**What you will do:**
Make an exact copy of the whole listing, but leave its pictures out.

BEGIN Data section

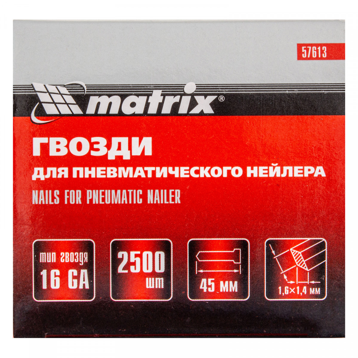 Гвозди для пневматического нейлера 16GA, сечение 1.6 х 1.4, длина 45 мм, 2500 шт Matrix
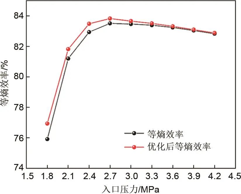 優(yōu)化葉輪入口角和出口角后,該CO2向心透平在設(shè)計點(diǎn)的等熵效率較初始設(shè)計提升了0.75%。為詳細(xì)分析該透平的性能變化,需要對非設(shè)計工況進(jìn)行驗(yàn)證。采用與原設(shè)計相同的變工況模擬,入口壓力由1.8 MPa增加到4.2 MPa,其他邊界條件保持不變。優(yōu)化后透平的等熵效率變化如圖16所示。除了高膨脹比工況外,優(yōu)化后CO2向心透平等熵效率得到提升,且在低膨脹比工況下透平等熵效率的提高幅度在0.31%~1.02%之間,有利于二氧化碳儲能系統(tǒng)在高壓儲罐壓力降低的情況下穩(wěn)定運(yùn)行。
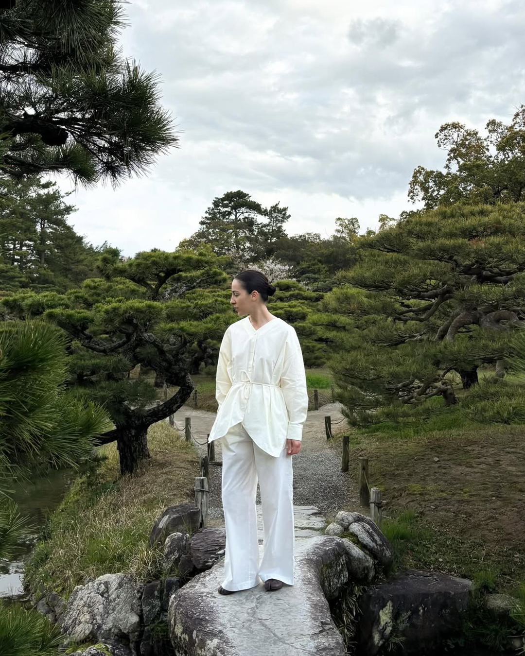 S-T-H Tulip Shirt in structured Organic Cotton. An ode to the form of Tulips with a gentle curved hem, a petal overlap detail at the back, and a curved cuff finishing. Designed for a softly structured and delightfully oversized fit. Made with lustrous pearl buttons down the front, two sash openings on the side seams to thread the sash through in a multitude of ways. Wear over Bistro Dress or buttoned-down as an overshirt with Studio Trousers.

END Data section

**Response below:**
 Гвозди для пневматического нейлера 16GA, сечение 1.6 х 1.4, длина 45 мм, 2500 шт Matrix
 優(yōu)化葉輪入口角和出口角后,該CO2向心透平在設(shè)計點(diǎn)的等熵效率較初始設(shè)計提升了0.75%。為詳細(xì)分析該透平的性能變化,需要對非設(shè)計工況進(jìn)行驗(yàn)證。采用與原設(shè)計相同的變工況模擬,入口壓力由1.8 MPa增加到4.2 MPa,其他邊界條件保持不變。優(yōu)化后透平的等熵效率變化如圖16所示。除了高膨脹比工況外,優(yōu)化后CO2向心透平等熵效率得到提升,且在低膨脹比工況下透平等熵效率的提高幅度在0.31%~1.02%之間,有利于二氧化碳儲能系統(tǒng)在高壓儲罐壓力降低的情況下穩(wěn)定運(yùn)行。
 S-T-H Tulip Shirt in structured Organic Cotton. An ode to the form of Tulips with a gentle curved hem, a petal overlap detail at the back, and a curved cuff finishing. Designed for a softly structured and delightfully oversized fit. Made with lustrous pearl buttons down the front, two sash openings on the side seams to thread the sash through in a multitude of ways. Wear over Bistro Dress or buttoned-down as an overshirt with Studio Trousers.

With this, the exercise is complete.